Il en ressort que les grizzlis et les ours noirs ne s’intéressent pas à vos menstruations mesdames. Il en serait toutefois peut-être autrement pour les ours polaires. En effet, selon une seule étude, ils auraient réagi à l’odeur du sang menstruel (ainsi qu’à l’odeur d’un phoque), plutôt qu’à l’odeur de nourriture et de sang humain non-menstruel qui ne les intéressaient pas. Dans la très grande majorité des situations, vous n’avez donc aucunement besoin de vous restreindre de faire du camping une semaine par mois.* Vous devez tout de même gérer les serviettes et les tampons souillés en forêt.

Le grand méchant loup !

Lorsque je suis partie en randonnée sur le Te Araroa, en Nouvelle-Zélande, je me suis munie d’une balise de localisation personnelle (BLP).
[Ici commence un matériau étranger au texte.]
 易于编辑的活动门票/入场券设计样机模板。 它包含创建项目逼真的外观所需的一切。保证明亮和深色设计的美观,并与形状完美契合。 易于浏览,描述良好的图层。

En appuyant sur un bouton, je pouvais informer les autorités compétentes que je me trouvais en danger. Comme je partais seule et que je ne croiserais aucune civilisation pendant plusieurs jours, il s’agissait d’une décision réfléchie et responsable.

Pendant la randonnée, j’ai rencontré quelqu’un avec qui j’ai marché quelques jours. En discutant du fait que je portais une BLP, il m’a dit : 

C’est vrai que pour vous, les filles, c’est plus sécuritaire d’avoir une BLP .

Évidemment…

Crédit : GIPHY

Je regrette de ne pas lui avoir demandé d’explication sur son idée. Pourquoi j’étais davantage à risque que lui ?
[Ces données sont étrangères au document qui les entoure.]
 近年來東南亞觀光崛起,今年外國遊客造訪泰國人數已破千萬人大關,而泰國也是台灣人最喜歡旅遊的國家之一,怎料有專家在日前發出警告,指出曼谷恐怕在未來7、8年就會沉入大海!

Qu’est-ce que mon sexe change au fait que si je tombe d’une falaise ou me casse une jambe, j’aurai besoin d’aide ? Est-ce que mes connaissances des techniques de survie sont moindres parce que je suis une femme ?

Cette notion de dangerosité pour une femme en solo, je l’ai entendue plusieurs fois. Il y a davantage de risque de faire de la randonnée en solo qu’en groupe. J’en conviens. Toutefois, pourquoi sommes-nous plus inquiets lorsqu’il s’agit d’une femme ?
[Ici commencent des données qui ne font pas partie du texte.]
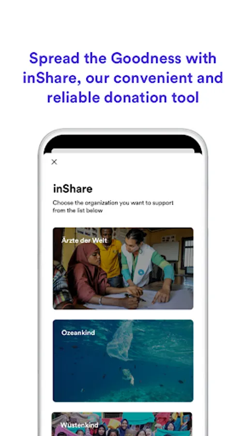 • inShare: Spread the good and donate to one of our cooperating charities and make our planet a better place together!

Apparemment, je cours le risque de tomber sur des hommes méchants qui pourraient m’agresser/me violer/me tuer. Personnellement, je considère que ce risque est beaucoup plus élevé en ville qu’en forêt. Je ne me sens donc pas menacée lorsque je suis seule dans un refuge avec un homme inconnu.

Sauf peut-être la fois où un homme est entré avec un fusil dans un refuge alors que j’y dormais seule. Après avoir réalisé que l’emplacement était également utilisé par des chasseurs, mon niveau de stress est revenu à la normale.

Bonne à marier — NOT

Est-ce que les femmes qui font ce genre d’activités se marient ?

Cette question a été posée à une amie partie en «  bikepacking » (randonnée de plusieurs jours en vélo de montagne ou « fatbike »). Qu’est-ce qu’on devrait comprendre ici ? Est-ce qu’elle est inintéressante pour un homme parce qu’elle est une femme forte et aventurière ?

Malheureusement, catégoriser les femmes selon des «  critères de sélection » masculins ne se limite pas au plein air. Par exemple, je suis tombée récemment sur un article qui parlait des types de femmes avec lesquelles les hommes avaient peur de s’investir à long terme.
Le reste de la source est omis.